Fields will be automatically converted for improved consistenty in these situations:
SQLite: Fields with names ending in _date
will be converted to DATE fields. Rationale: SQLite
does not support DATE fields.
SQLite: Fields with names ending in _datetime
will be converted to POSIXct fields. Rationale:
SQLite does not support DATETIME fields.
BigQuery and Snowflake: Integer fields will be converted to Integer if it fits in an integer, or will remain Integer64 otherwise.
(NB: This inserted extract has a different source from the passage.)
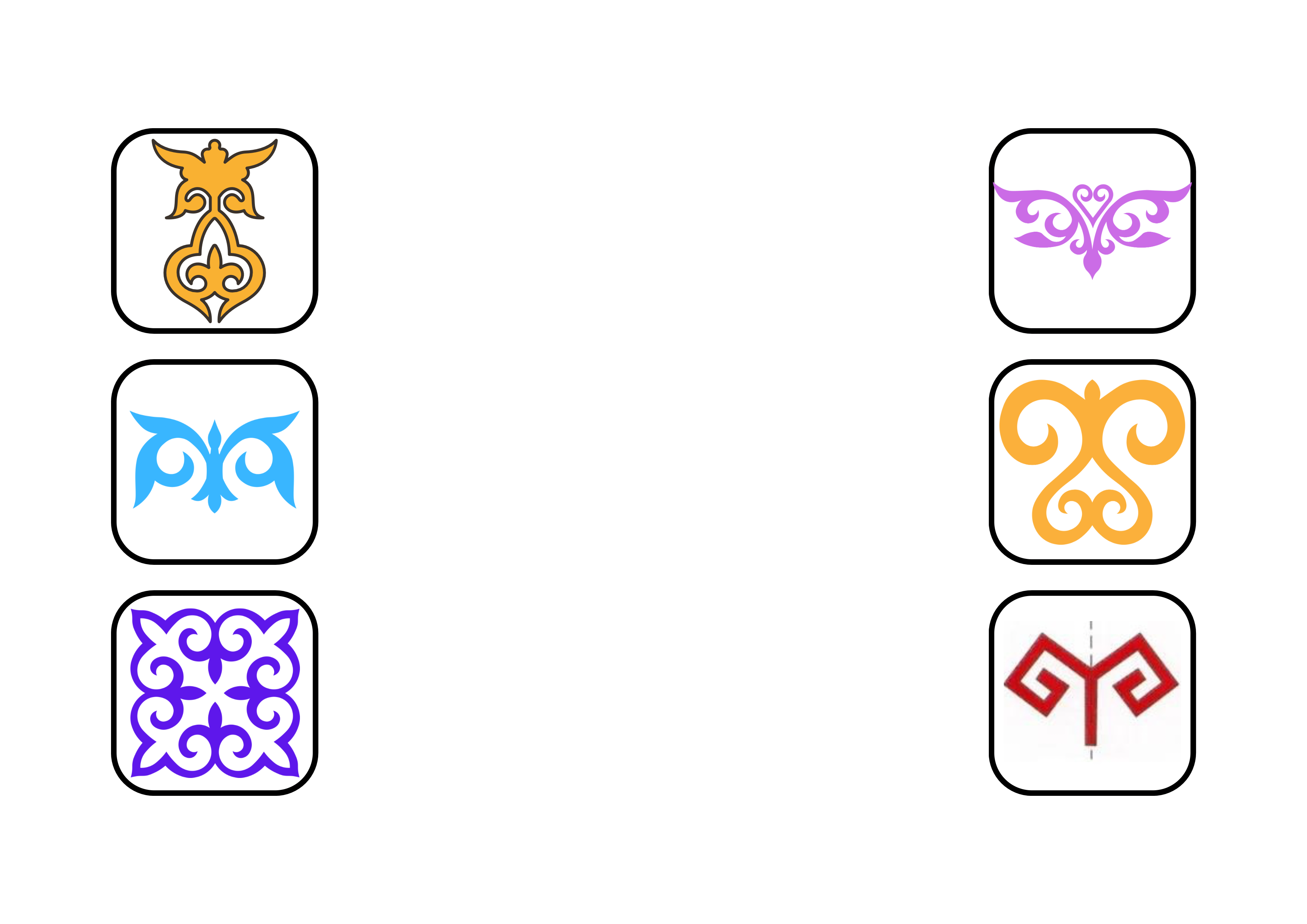 Көрнекіліктер ● «Қазақ оюлары: Қошқар мүйіз, Құс қанат, Көбелек — ою түрлерін атауларымен сәйкестендір»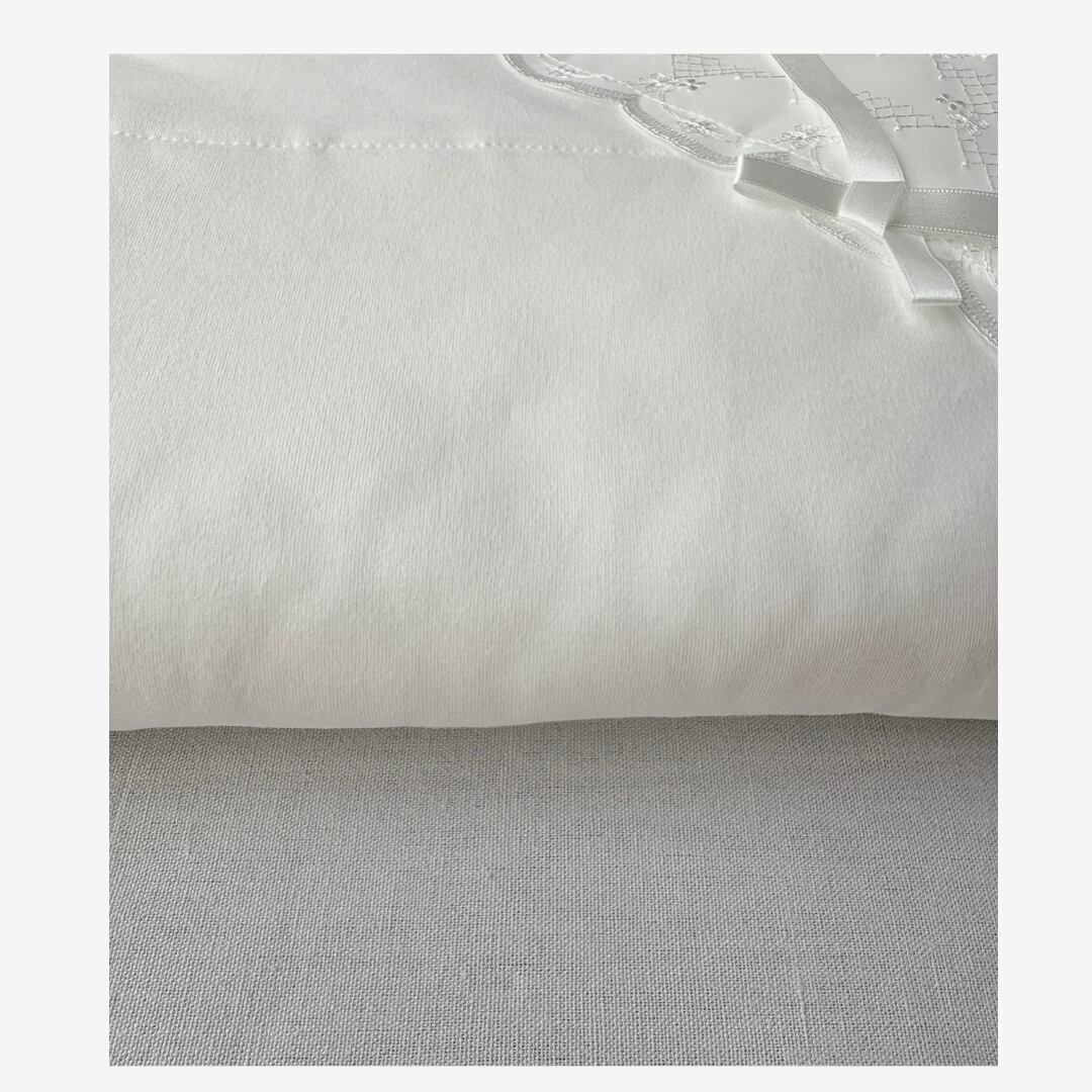 日本製のリボンレース刺繍が特別感のあるおくるみです。

Rationale: these platforms do not distinguish between INT and BIGINT.
This function calls the render
and translate
functions in the SqlRender
package before
calling querySql()
.
if (FALSE) { # \dontrun{
connectionDetails <- createConnectionDetails(
dbms = "postgresql",
server = "localhost",
user = "root",
password = "blah",
schema = "cdm_v4"
)
connection <- connect(connectionDetails)
# First example: write data to a large CSV file:
filepath <- "myBigFile.csv"
writeBatchesToCsv <- function(data, position, ...) {
write.csv(data, filepath, append = position != 1)
return(NULL)
}
renderTranslateQueryApplyBatched(connection,
"SELECT * FROM @schema.person;",
schema = "cdm_synpuf",
fun = writeBatchesToCsv
)
# Second example: write data to Andromeda
# (Alternative to querySqlToAndromeda if some local computation needs to be applied)
bigResults <- Andromeda::andromeda()
writeBatchesToAndromeda <- function(data, position, ...) {
data$p <- EmpiricalCalibration::computeTraditionalP(data$logRr, data$logSeRr)
if (position == 1) {
bigResults$rrs <- data
} else {
Andromeda::appendToTable(bigResults$rrs, data)
}
return(NULL)
}
sql <- "SELECT target_id, comparator_id, log_rr, log_se_rr FROM @schema.my_results;"
renderTranslateQueryApplyBatched(connection,
sql,
fun = writeBatchesToAndromeda,
schema = "my_results",
snakeCaseToCamelCase = TRUE
)
disconnect(connection)
} # }